Search code examples
algorithmsearchimage-processingsearch-enginesimilarity

Visual similarity search algorithm


I'm trying to build a utility like this http://labs.ideeinc.com/multicolr, but I don't know which algorithm they are using, Does anyone know?


Solution

  • All they are doing is matching histograms.

    So build a histogram for your images. Normalize the histograms by size of image. A histogram is a vector with as many elements as colors. You don't need 32,24, and maybe not even 16 bits of accuracy and this will just slow you down. For performance reasons, I would map the histograms down to 4, 8, and 10-12 bits.

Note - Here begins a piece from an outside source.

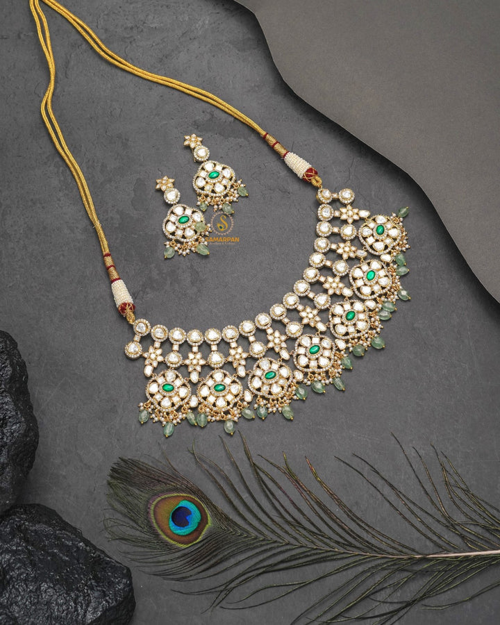✨ Polki–Moissanite Jewellery is a regal blend of timeless tradition and modern brilliance. Handcrafted with uncut natural polki stones and dazzling moissanite gems, this jewellery exudes royal charm with a sparkling touch. Perfect for weddings, festive occasions, and statement looks, it carries the richness of heritage while offering unmatched radiance and elegance. Store in a cool, dry place away from direct sunlight, Avoid exposure to harsh chemicals or cleaning products, Clean with soft cloth and mild soap solution.Own a piece of timeless elegance with our Polki-Moissanite Jewelry collection. Order now!"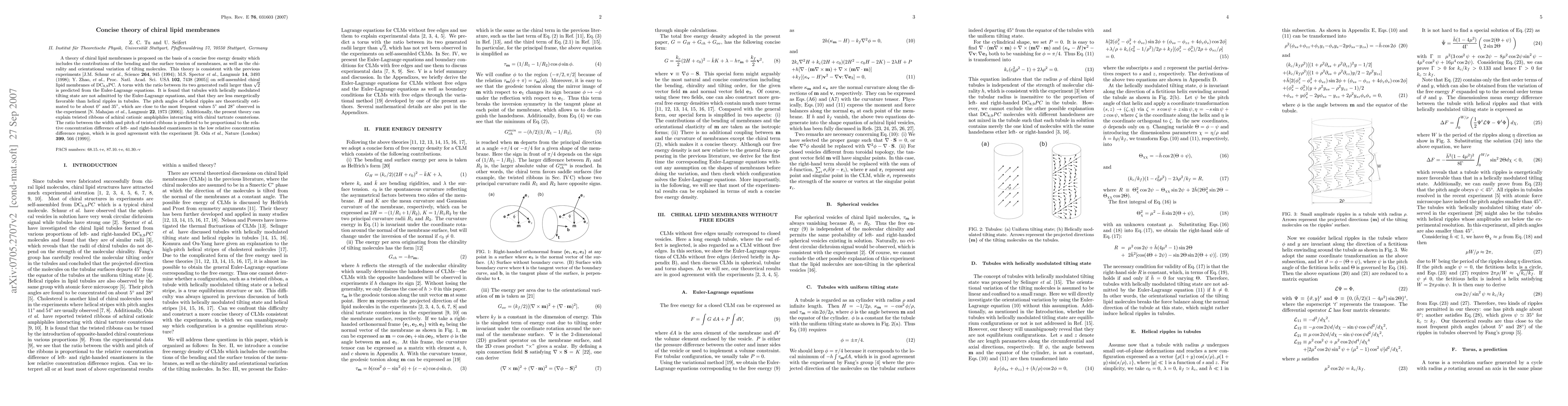 This paper proposes a concise theory for chiral lipid membranes based on a free energy density model, aligning with experimental observations on DC$_{8,9}$PC. It predicts helical ripples in tubules and twisted ribbons, showing good agreement with experimental data on pitch angles and ribbon structures.

    • Do a fuzzy least distance compare between the all the 4 bit histograms and your sample colors.
    • Then take that set and do the 8 bit histogram compare.
    • Then maybe go up to a 10 or 12 bit histogram compare with the remaining set. This will be the highest performance search, because you are comparing the total set with a very small number of calculations, to find a small subset.
    • Then you work on the small subset with a higher number of calculations, etc.

    The real big trick is to find the best algorithm for matching similar histograms.

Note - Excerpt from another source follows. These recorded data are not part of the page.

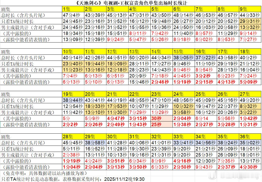 成毅天地剑心王权富贵-单集出场时长统计剧集总时长25小时56秒一番男主能看清表情的时长3小时占比不到12%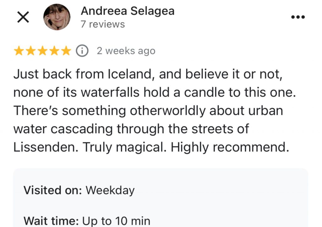 To Ms Papava’s surprise people have been leaving reviews of the “Lissenden Waterfall”, seven in total – with one five-star review saying: “Just got back from Iceland, and believe it or not, none of its waterfalls hold a candle to this one. There’s something otherworldly about urban water cascading through the streets of Lissenden. Truly magical. Highly recommend.”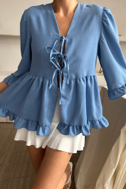 Kadın Omuzlardan Açık Boyundan Geçmeli Desenli Süprem Bluz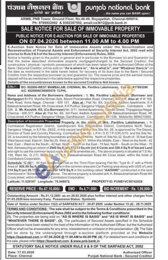 Property in the name of Mrs. Pavithra Lakshmanan in Coimbatore Registration District, Gandhipuram Sub Registration District, Coimbatore North Taluk, Sanganur Village, in S.F.No. 283/2, in this vacant land and in this Site No. 26, is approved by The Deputy Director of Town and Country Planning, Coimbatore Vide No. L.P.H./D.D.T.P (CR) 5/70, and the Site No 26, is bounded by the following boundaries and measurements: North of: Site No. 32, South of: 30 feet East West layout road, East of: Site No. 25, West of: Site No.27, Within this Middle, East-West on the North-42 feet. East-West on the South-42 feet North-South on the East-70 feet, North-South on the West-70 feet. Admeasuring an extent of 2940 Sq.ft (or) 273.13 Sq.mtr (or) 6 Cents and 326.4 Sq.ft of Vacant Land and right to use the common layout roads and all its amenities etc., The above property is situated at T.S.No. 148. Ward No. Q (17), Block No. 21, K.A. Balasubramaniam Road 4th Cross street, within the limits of Coimbatore Corporation. Schedule "C. (II)": All that Residential Flat on the Third Floor bearing Flat No. "Type B-3' with a Plinth Area of 926.00 Sq.ft including a share in the common area and Car Parking area along with UDS of Land 314 Sq.ft (or) 29.17 Sq.mtrs out of 1470 Sq.ft in the building called "AADHINI" constructed in the land mentioned in "Schedule-C (1) above. The above property is situated at K.A. Balasubramaniam Road 4th Cross street, within the limits of Coimbatore Corporation.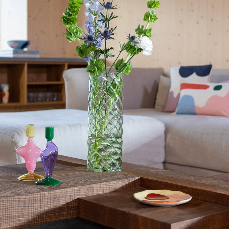 Crafted with meticulous attention to detail, this glass candle holder is not only functional but also a work of art. Its distinctive design adds an element of sophistication to any room. Whether you’re lighting a candle for a cozy atmosphere or using it purely as a decorative piece, the Flux Lilac Candle Holder will infuse charm and elegance into your living space. Enhance your home decor with the Klevering Flux Lilac Candle Holder. This beautifully crafted candle holder is a perfect blend of chunky and smooth elements, resulting in a one-of-a-kind design that will elevate your space.

    • Start with the distance calculation. In 3 dimensions i think it was:

      SQRT((x1-x2)^2 + (y1-y2)^2 + (z1-z2)^2)

    I'm doing this from memory, so look it up to make sure.

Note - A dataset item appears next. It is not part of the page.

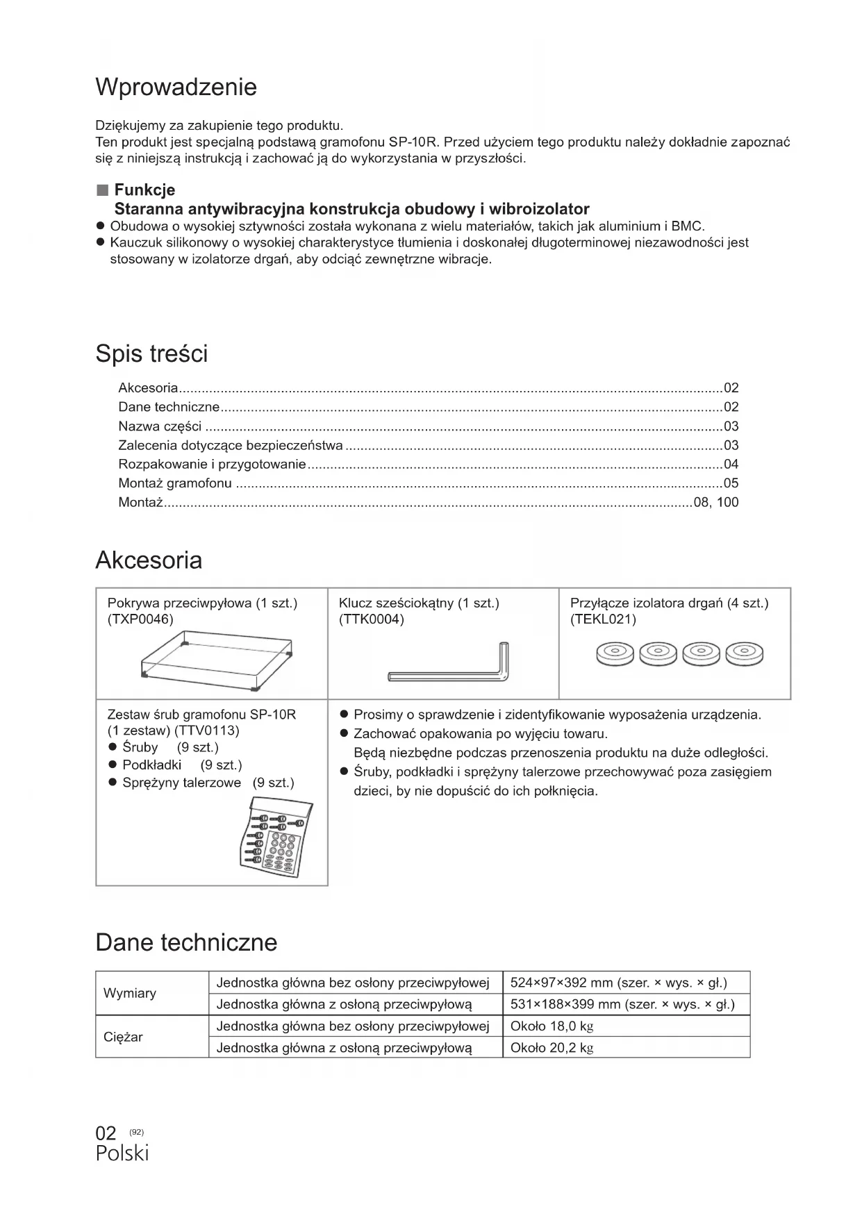 Kauczuk silikonowy o wysokiej charakterystyce tłumienia i doskonałej długoterminowej niezawodności jest stosowany w izolatorze drgań, aby odciąć zewnętrzne wibracje. Wprowadzenie Dziękujemy za zakupienie tego produktu. Ten produkt jest specjalną podstawą gramofonu SP-10R. Przed użyciem tego produktu należy dokładnie zapoznać się z niniejszą instrukcją i zachować ją do wykorzystania w przyszłości. Dane techniczne Wymiary Jednostka główna bez osłony przeciwpyłowej 524×97×392 mm (szer. × wys. × gł.) Jednostka główna z osłoną przeciwpyłową 531×188×399 mm (szer. × wys. × gł.) Ciężar Jednostka główna bez osłony przeciwpyłowej Około 18,0 k

    • For your purposes, you will have more than 3 dimensions, so you will have more terms. A 4 bit histogram would have 16 terms, an 8 bit one would have 256 terms, etc. Remember that this kind of math is slow, so don't actually do the SQRT part. If you normalize the size of your images small enough, say down to 10,000 pixels, then you know you only will ever have to do x^2 for values 0..10,0000. Pre-calculate a lookup table of x^2 where x goes from 0..10,000. Then your calculations will go fast.

    • When you select a color from the palette, just make a histogram with that color = 10,0000. When select 2, make a histogram with color1=5000, color2=5000 etc.

    • In the end you will have to add in fudge factors to make the application match the real world, but you will find these with testing.